Jakarta – Di bawah langit malam yang tak lagi tenang, dunia menyaksikan bagaimana sejarah kembali menumpahkan darahnya di antara dua peradaban tua yang tak pernah benar-benar berdamai yakni Iran dan Israel. Konflik yang selama puluhan tahun tersembunyi dalam bayang, kini meledak menjadi nyala terang yang menyingkap wajah asli kekuasaan dan harga diri, ucap Ranny Fahd A Rafiq di Jakarta pada Rabu, (18/6/2025).

 

Anggota DPR RI dari Fraksi Partai Golkar ini mengatakan, “dalam banyak narasinya di ruang publik yang masif ini bertujuan mulia yaitu untuk mencerdaskan kehidupan bangsa dan ikut melaksanakan ketertiban dunia yang ada di batang tubuh Alinea ke – 4 UUD 1945 dan tegak lurus dengan Presiden Prabowo subianto yang mengamalkan point ini secara utuh, tegasnya.

 

Ranny menjelaskan, “sejak revolusi 1979 yang dipimpin Ayatullah Khomeini, Iran telah menempatkan Israel sebagai simbol “Setan Kecil”, musuh ideologis dan eksistensial. Sebaliknya, bagi Israel, Iran adalah ancaman laten yang bergerak dalam bayang melalui proksi, jaringan, dan ambisi nuklirnya.
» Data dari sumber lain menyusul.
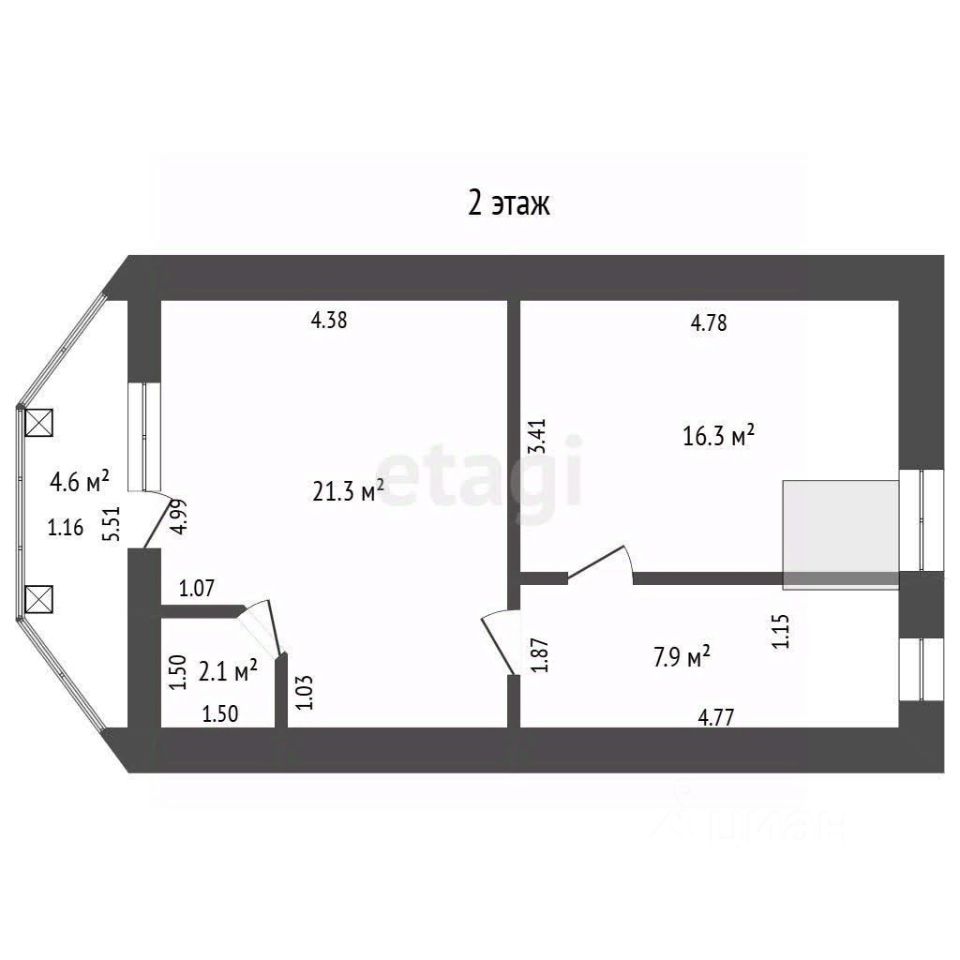 • 2 этаж: комната (21 кв.м.), детская комната (16,3 кв.м.)

Mereka bukan sekadar dua negara mereka adalah dua jalan hidup, dua tafsir peradaban, dua poros takdir yang tak bisa disatukan, ungkap Ranny.

 

Istri dari Fahd A Rafiq ini memaparkan lebih dalam, konflik ini bukan dimulai dari rudal pertama atau bom terakhir. Ini adalah drama panjang antara ingatan sejarah, luka kolonialisme, trauma identitas, dan doktrin kekuasaan. Namun semuanya berpuncak ketika Hamas yang oleh banyak analis dilihat sebagai proksi Iran melancarkan serangan besar ke jantung Israel pada 7 Oktober 2023. Sebuah pukulan yang mengoyak bukan hanya pagar pertahanan Tel Aviv, tapi juga ego dan marwah nasionalnya, paparnya.

 

 

Israel membalas. tidak lagi sebatas Jalur Gaza dan melawan Hamas tapi menuju akar Teheran. Di bulan Juni tahun 2025, sejarah mencatat momen langka dua serangan langsung dari Israel ke wilayah Iran. Serangan yang disebut sebagai “fase ketiga” itu bukan sekadar militeristik tapi teatrikal, strategis, dan simbolik, cetusnya.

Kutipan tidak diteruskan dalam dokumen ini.